Posted on March 17, 2022 by Mitch Farish
The identity of a young African American woman wearing a flowered hat and a lacey blouse, looking out from a photo portrait taken over a century ago, is a mystery under investigation. It’s only one of the Holsinger studio photos of African Americans on display through March in a pop-up exhibition in the Northside branch of the Jefferson-Madison Regional Library, part of the Holsinger Portrait Project, a partnership of UVA and the Jefferson School African American Heritage Center.
John Edwin Mason and others are on a mission to share these images of local African Americans via the Holsinger Portrait Project. (Photos by Sanjay Suchak, University Communications)

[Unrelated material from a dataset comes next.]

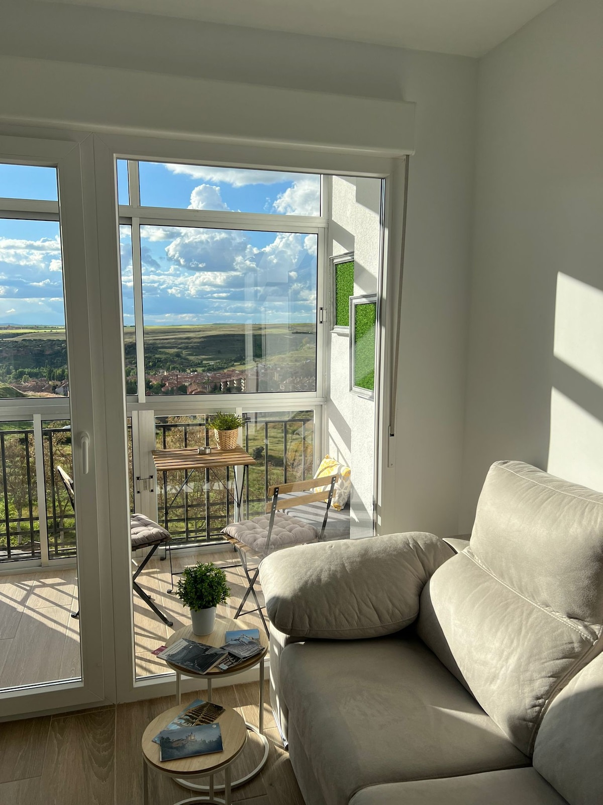 Piso totalmente reformado muy luminoso y con vistas maravillosas de la ciudad de Segovia. Aparcamiento gratuito en la calle y a escasos 15 minutos paseando del acueducto. Espaciosa entrada, cocina grande, dos dormitorios cada uno con cama de 1.50 m, salón con sofá cama de 90 cm, dos baños completos con ducha y una acogedora terraza. Es un quinto con ascensor. Calefacción central y agua caliente por termo eléctrico. Bus y supermercado a 200 m. Prohibido fiestas y mascotas.

The exhibition is a teaser, according to project co-director, associate history professor John Edwin Mason, “with just enough information to give context for those viewers who haven’t seen the images or known about the Holsinger Studio Collection” — a collection of over 9,000 camera negatives taken in the early 20th century, held by the Albert and Shirley Small Special Collections Library.
“The library exhibition is just one component of this forthcoming effort,” said Holly Robertson, exhibitions coordinator of UVA’s Special Collections Library. “It is supported by the Jefferson Trust, the University Library, the Institute for Advanced Technology in the Humanities and the Department of History. There will be an exhibition at the Jefferson School and a broad community engagement program with events, programs and exterior art installations.”
Read more about the exhibition and the Holsinger Portrait Project in the UVA Today article Pop-Up Exhibit of African American Portraits Highlights Pride, Hints at History.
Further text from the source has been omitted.